I hope this summary of the cartoon laws of physics has been useful and instructive. I'm still working on an analogous list of cartoon laws of political activity, and am accepting nominations for such.

Have a good day. More thoughts tomorrow.

Bilbo

8 comments:

eViL pOp TaRt said...

Really greal cartoon laws. I wonder if the Acme Company has found ways to alter the laws of physics, or they don't apply where Wiley Coyote and Bugs Bunny lives!

These were AWESOME!

The Mistress of the Dark said...

There are some good tunes out there now though..just not for little ones. I loved Foster's Home For Imaginary Friends and Chowder.

But yeah..can't help but love Bugs, The Flintstones and The Jetsons...

I think the Acme company made their fortune on that poor coyote

Mike said...

I'm not sure but I think that guy John is really really old. I think he has some original Leonardo da Vinci toons.

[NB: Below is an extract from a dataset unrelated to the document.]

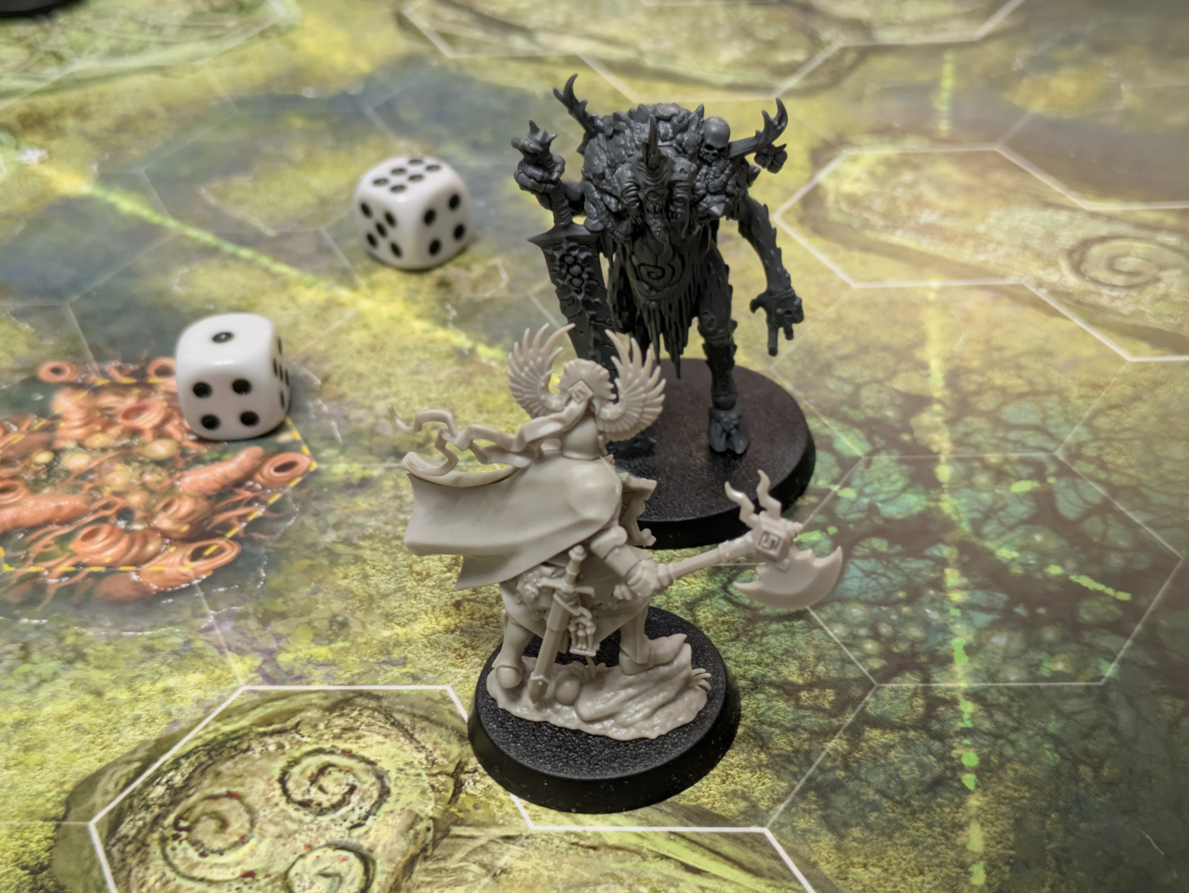 Between each hero’s turn, the monsters get to activate. How they behave depends on a dice roll, and most enemies switch between a sedate black die and a more threatening red die with each passing battle round. Mostly they’ll move toward a target at variable speed and try to attack, although all the monsters also have a special effect: horrible little pox-wretches spawn new companions, while the tough daemonic cankerborn blast all nearby heroes with an area effect attack. This roll can have a major impact on the difficulty of a scenario, as monsters sometimes do nothing and sometimes unleash a terrifying onslaught, a quirk that the rules put down to their chaotic nature.
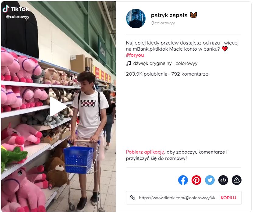 Inną kampanią wartą przytoczenia jest ta zorganizowana przez mBank i agencję VMLY&R oraz GetHero. Do współpracy zostali zaangażowanie doskonale znani użytkownikom aplikacji twórcy internetowi – Marlena Sojka, Kuba Norek, Patrycja Widera, Kamelemona, Colorowyy i Kompleksiara. W ramach promocji influencerzy na swoich kanałach komunikacyjnych opublikowali krótkie materiały wideo, które nawiązywały do korzyści płynących z usług oferowanych przez mBank. Na nagraniach widzimy jak TikTokerzy płacą za swoje zakupy za pomocą aplikacji bankowej w lodziarni i supermarkecie. Przesłanie jest takie, że płacenie za pomocą aplikacji bankowej jest szybkie i wygodne, dlatego może być skierowane dla młodych ludzi, którzy nie mają nic przeciwko wypróbowywaniu na wlasnej skórze tego typu nowoczesnych rozwiązań.

Elvis Wearing a Bra on His Head said...

We have to keep these laws of physics in mind when we design things. But also keep Murphy's Law in mind. This was a great laugh for Sunday night!

chrissy said...

Dora the Explorer is a train wreck of a cartoon. My son likes it...and I want to scream when I promise him 30 minutes of tv and it's on.
Yo Gabba Gabba is worse though...you may explode if you see that....beware

John A Hill said...

I was surprised that the 'John' link went to me. I don't think that I'm as old as you two guys.

wv: elintess -- when fuzzy particles attaches themselves to the high dollar clothes of the very wealthy.